家庭医学館 「下咽頭梨状窩瘻」の解説
かいんとうりじょうかろう【下咽頭梨状窩瘻 Pyriform Sinus Fistula】
食道入り口部の両側に三角の形をした部分(梨状窩(りじょうか))があります。その三角の頂点の部分に穴(瘻孔(ろうこう))が開いている先天性の病気で、瘻孔に細菌が感染します。

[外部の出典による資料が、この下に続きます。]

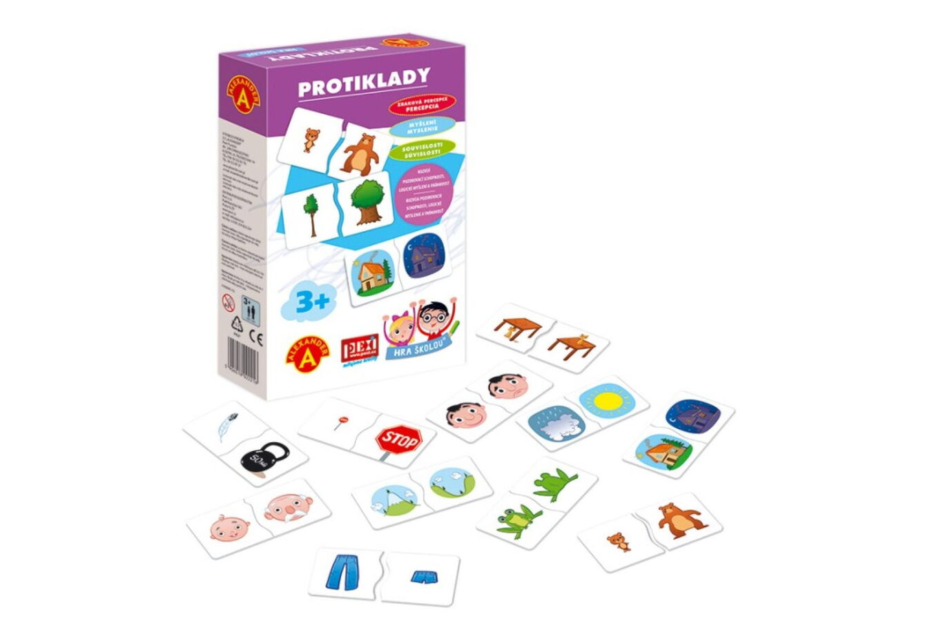 Pomocí dvoudílných velkých kartiček s obrázky se děti učí chápat protiklady (např. malý – velký, den – noc, vysoký - hluboký atd). Skvělá mnemotechnická pomůcka.

ここは、食物が通るところなので、物理的な刺激とともに、いつも細菌感染の危険にさらされているのです。
感染症状は、瘻孔から離れた甲状腺(こうじょうせん)の部分におこります。急性の甲状腺炎をくり返すようなら、この病気を疑い、外科か耳鼻咽喉科(じびいんこうか)を受診しましょう。
[症状]
発熱、咽頭痛(いんとうつう)(のどの痛み)とともに、頸部(けいぶ)の左右どちらか片側(甲状腺の部位)が腫(は)れます。
瘻孔に気づかずに放置していると、何回も甲状腺の部分が腫れます。
[治療]
造影剤を使って食道をX線撮影すると、梨状窩から下方に伸びた線状の管が写ります。甲状腺シンチグラフィーを行なうと、甲状腺の炎症部位への放射性物質の取り込みの低下がみられます。
治療には、瘻孔を摘出(てきしゅつ)する手術が行なわれます。頸部の皮膚を切開し、甲状腺の炎症をおこした部分から梨状窩の瘻孔までを切除摘出します。